> **AVAILABLE DATA**

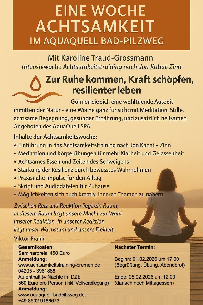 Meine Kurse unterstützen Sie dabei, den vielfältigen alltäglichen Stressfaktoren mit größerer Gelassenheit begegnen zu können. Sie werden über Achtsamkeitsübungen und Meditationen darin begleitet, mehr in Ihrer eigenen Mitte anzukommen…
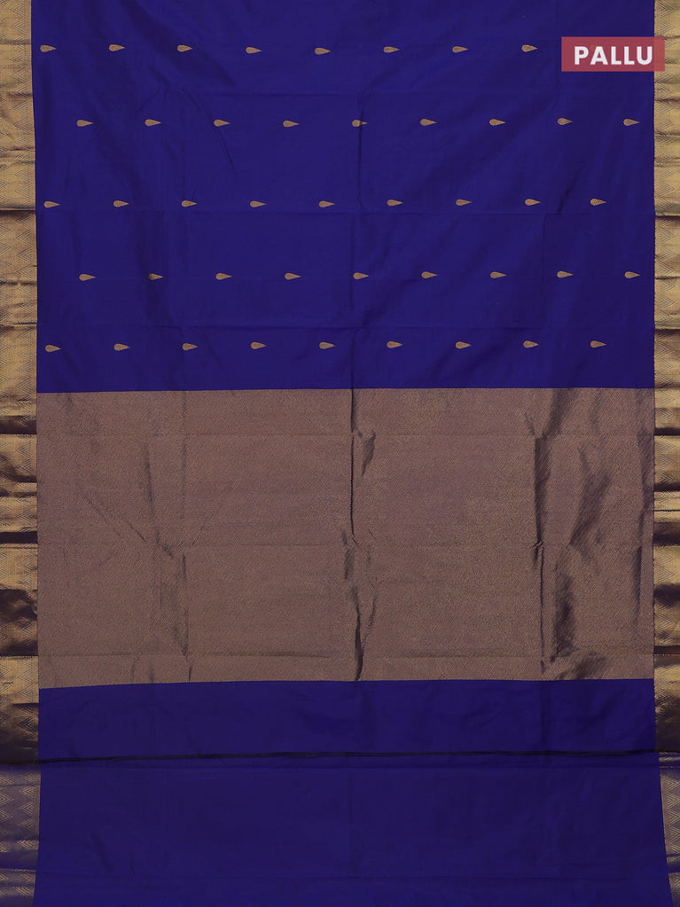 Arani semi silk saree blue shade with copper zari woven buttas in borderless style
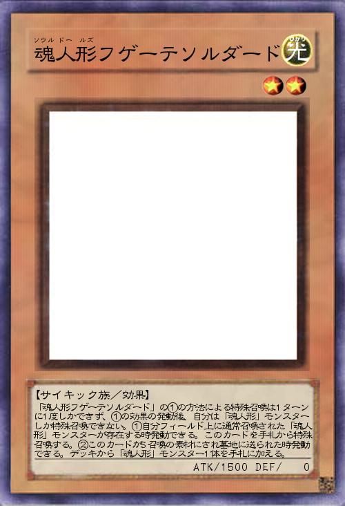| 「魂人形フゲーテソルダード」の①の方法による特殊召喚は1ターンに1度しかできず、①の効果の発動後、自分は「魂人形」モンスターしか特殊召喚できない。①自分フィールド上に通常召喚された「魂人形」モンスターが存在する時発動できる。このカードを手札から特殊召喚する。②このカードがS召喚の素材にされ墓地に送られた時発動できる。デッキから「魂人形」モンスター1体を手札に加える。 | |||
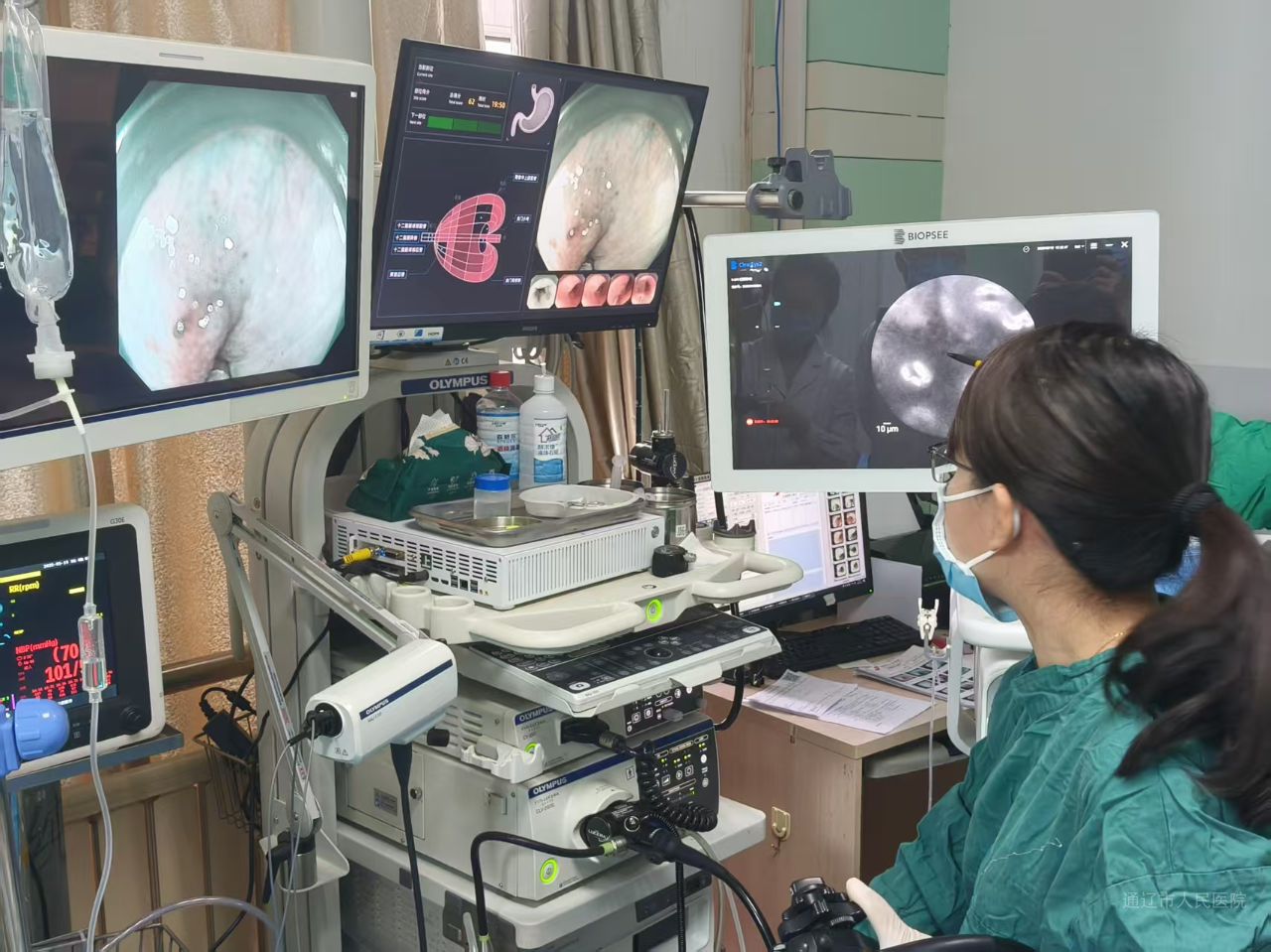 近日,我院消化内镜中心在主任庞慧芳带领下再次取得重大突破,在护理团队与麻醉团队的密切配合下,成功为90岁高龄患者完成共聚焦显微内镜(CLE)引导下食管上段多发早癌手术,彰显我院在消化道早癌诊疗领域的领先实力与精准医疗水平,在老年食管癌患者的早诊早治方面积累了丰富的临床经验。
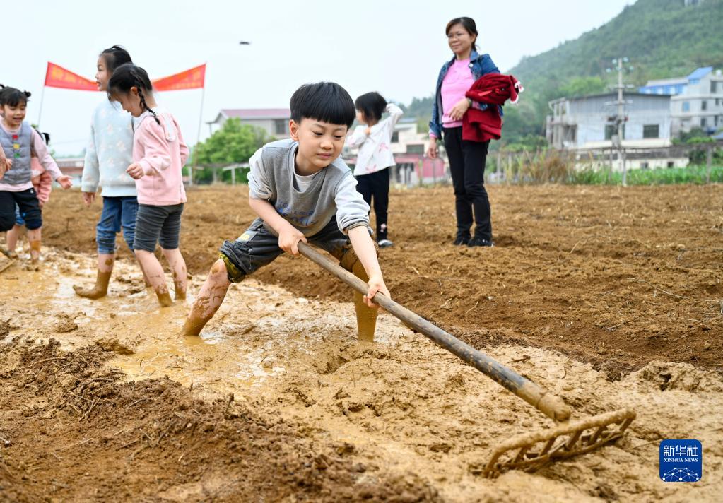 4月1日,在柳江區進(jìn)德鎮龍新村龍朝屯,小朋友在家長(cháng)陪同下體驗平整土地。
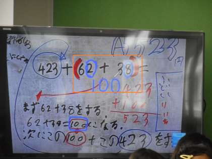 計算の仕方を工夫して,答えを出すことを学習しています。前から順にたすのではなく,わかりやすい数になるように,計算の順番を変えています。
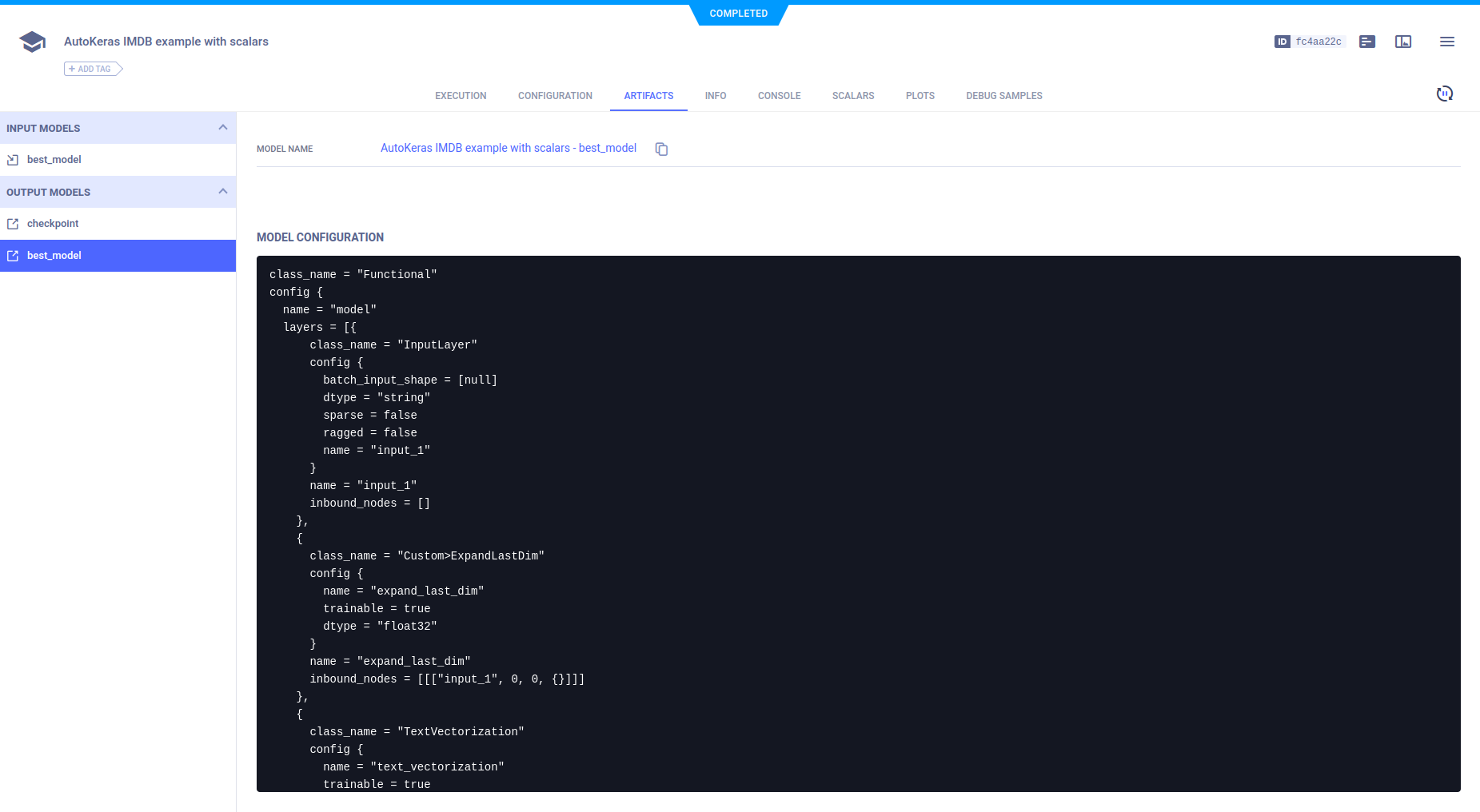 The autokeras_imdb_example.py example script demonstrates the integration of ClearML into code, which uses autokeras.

---

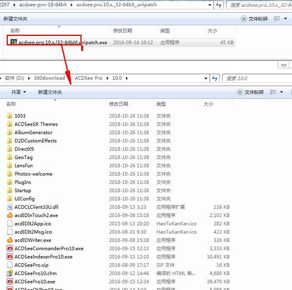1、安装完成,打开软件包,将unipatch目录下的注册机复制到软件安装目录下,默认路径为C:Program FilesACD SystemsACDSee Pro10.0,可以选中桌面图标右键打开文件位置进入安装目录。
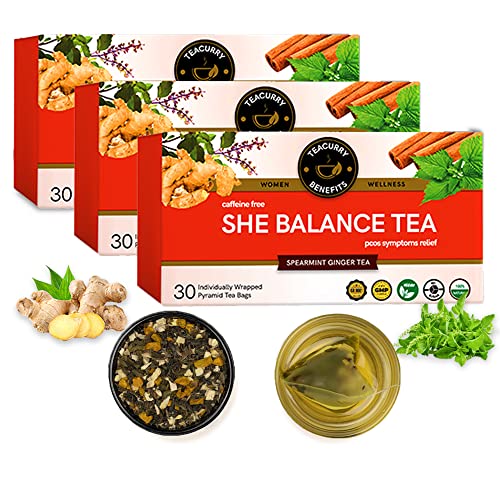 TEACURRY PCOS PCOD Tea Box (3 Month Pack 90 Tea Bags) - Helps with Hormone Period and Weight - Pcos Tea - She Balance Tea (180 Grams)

> **WHAT YOU ARE ASKED TO DO**
Print, word for word, the lines above that run from the line containing "計算の仕方を工夫して,答えを" to the line containing "The autokeras_imdb_example.py example", both included. Keep the pictures out.

> **SOLUTION TO THIS TASK**
 計算の仕方を工夫して,答えを出すことを学習しています。前から順にたすのではなく,わかりやすい数になるように,計算の順番を変えています。
 The autokeras_imdb_example.py example script demonstrates the integration of ClearML into code, which uses autokeras.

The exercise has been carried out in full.